Required work = Write out, with no changes, every line starting at the one that contains "Изарский веломаршрут (Isarradweg)" and ending at the last line of the data below. Leave pictures out.

Recorded data =

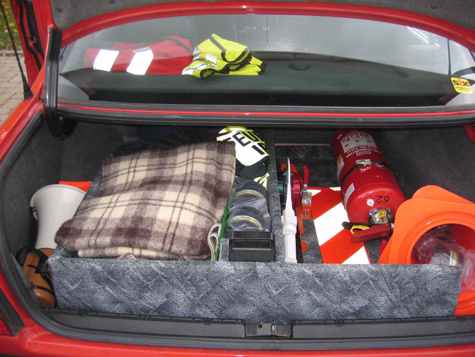 Beladung: Pulverlöscher, Verkehrsabsicherung, Megaphone, Decken, etc.
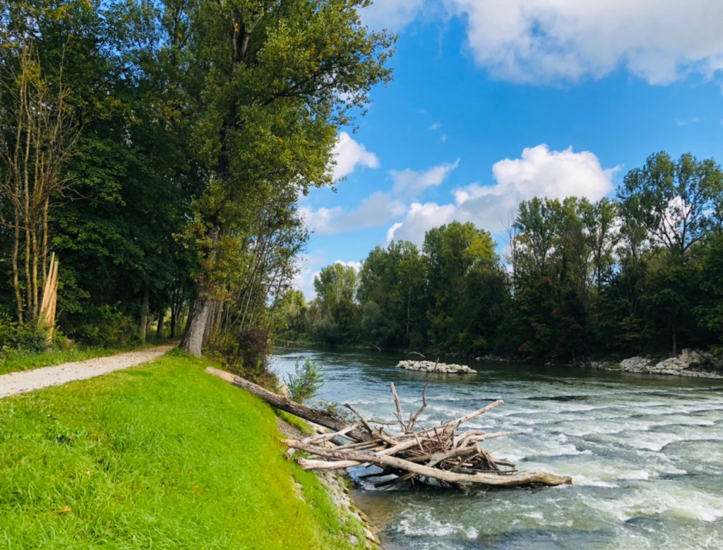 Изарский веломаршрут (Isarradweg) тянется на 299 км вдоль реки, и наверняка на любом его участке приятно кататься. Сегодня я проехала сегмент в 11 км к северу от Мюнхена — от научного городка в Гархинге до Пуллингских озёр.
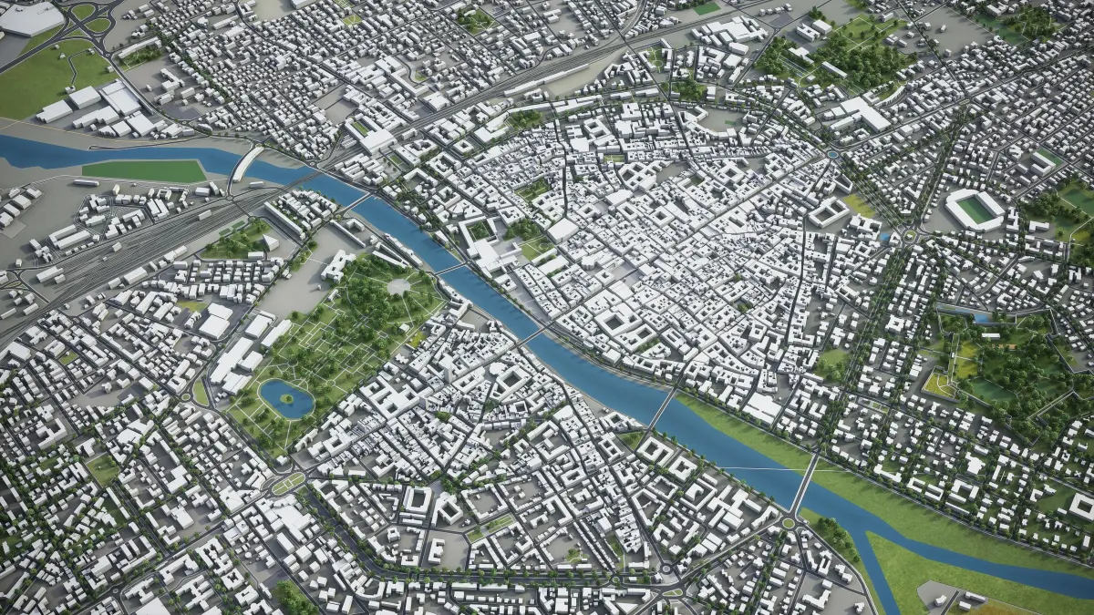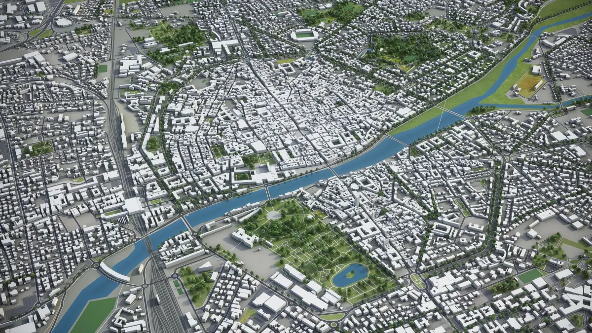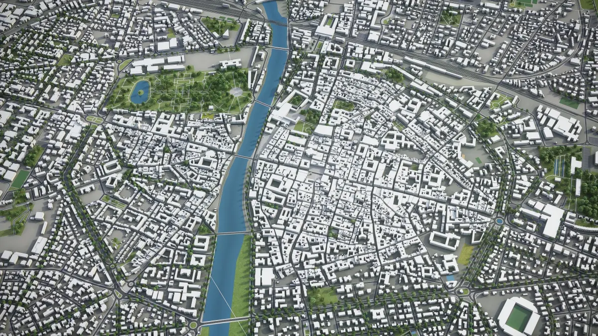 - Full city extents up to 100 x 100 km — or crop to an area of interest for better format compability and scene performance

Answer section =
 Изарский веломаршрут (Isarradweg) тянется на 299 км вдоль реки, и наверняка на любом его участке приятно кататься. Сегодня я проехала сегмент в 11 км к северу от Мюнхена — от научного городка в Гархинге до Пуллингских озёр.
 - Full city extents up to 100 x 100 km — or crop to an area of interest for better format compability and scene performance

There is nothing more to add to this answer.